Prior to joining Fairview, he worked with the second-largest municipal health system in the nation 'Los Angeles County,' leading and empowering the talented IT staff within the Department of Health Services (DHS). He also had an opportunity to work at Kaiser Permanente Orange County. As a highly successful IT executive with significant experience leading technology and security initiatives in complex academic medical centers and multi-hospital healthcare settings, he strives to be a committed, transparent, and strategic thinker with a track record of quality, systematic decision making, providing transformational and business-focused value in this new age of the digital economy and consumerism.
How has the Healthcare industry evolved over the years, and what are some of the challenges?
Today, it's no surprise that addressing cybersecurity risk is a hot topic among senior leaders who are responsible for the financial viability and strategic success of healthcare organizations. In recent years, there has been a major increase in cyberattacks that not only disrupt healthcare organizations but also affect them financially or cause hospital operations to cease for a short period of time. We have a number of prominent healthcare systems in the country that experienced ransomware. Another concern that heightened the attention of decision-makers is Business email compromise and fraud, where cybercriminals are not only sending ransom requests but also looking for illegally diverting funds.
I believe detection is key to stopping cyberattacks from happening, whereas prevention is important but can’t stop everything
Most importantly, it's not just the healthcare organizations that are attacked but also the supply chain organizations that we rely on. I think that's a big concern that has escalated over the last 12 to 18 months that all healthcare organizations are spending a lot of time on trying to determine how they can best reduce organizational risk.
What are some of the best practices businesses should adopt today to steer ahead of competitors? Mention some of the technologies that exist to help mitigate such risks in the health industry?
First and foremost, ensuring that senior management is informed of any imminent threat that could have a significant financial and reputational impact on the organization.

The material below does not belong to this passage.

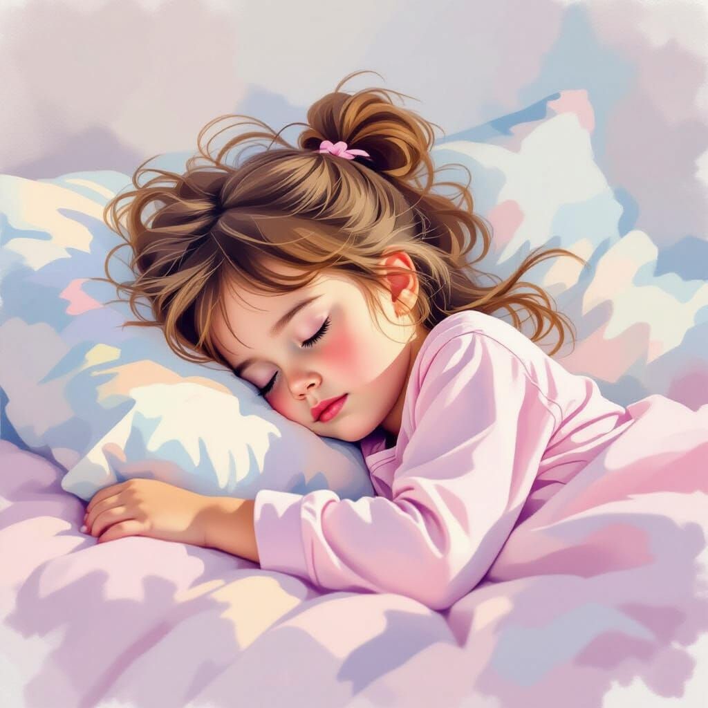 This ultra-detailed watercolor painting shows a little girl with messy brown hair sleeping soundly in pink pajamas. The scene features soft, bleeding colors and visible brushstrokes, creating a dreamlike atmosphere.

Second, having senior management buy-in and support is important as it takes money to hire the staff, put the right technologies in place, develop a robust defense, and detect malicious activities in the technological area. Not only identifying threats but assessing environmental risk is also mandatory. It's important for all healthcare organizations to must conduct a HIPAA risk assessment or cybersecurity framework at least once a year. It gives you an objective view of risk and helps you come up with a remediation plan for what to do in terms of technology— do I need a managed security service or additional cybersecurity? It's a must for a healthcare organization to have good email protection and detection. On that note, I'd like to mention techno or capability called Email Isolation to consider for email phishing that protects your people and organization from advanced attacks. The second must-have technology is Multi-Factor Authentication (MFA), which is required for accessing e-resources or assets in the corporate network remotely. The third capability is network segmentation, which allows you to partition your internal technology network into several sections. If a bad actor manages to get access to the network, they will be unable to move freely once they're inside the castle walls.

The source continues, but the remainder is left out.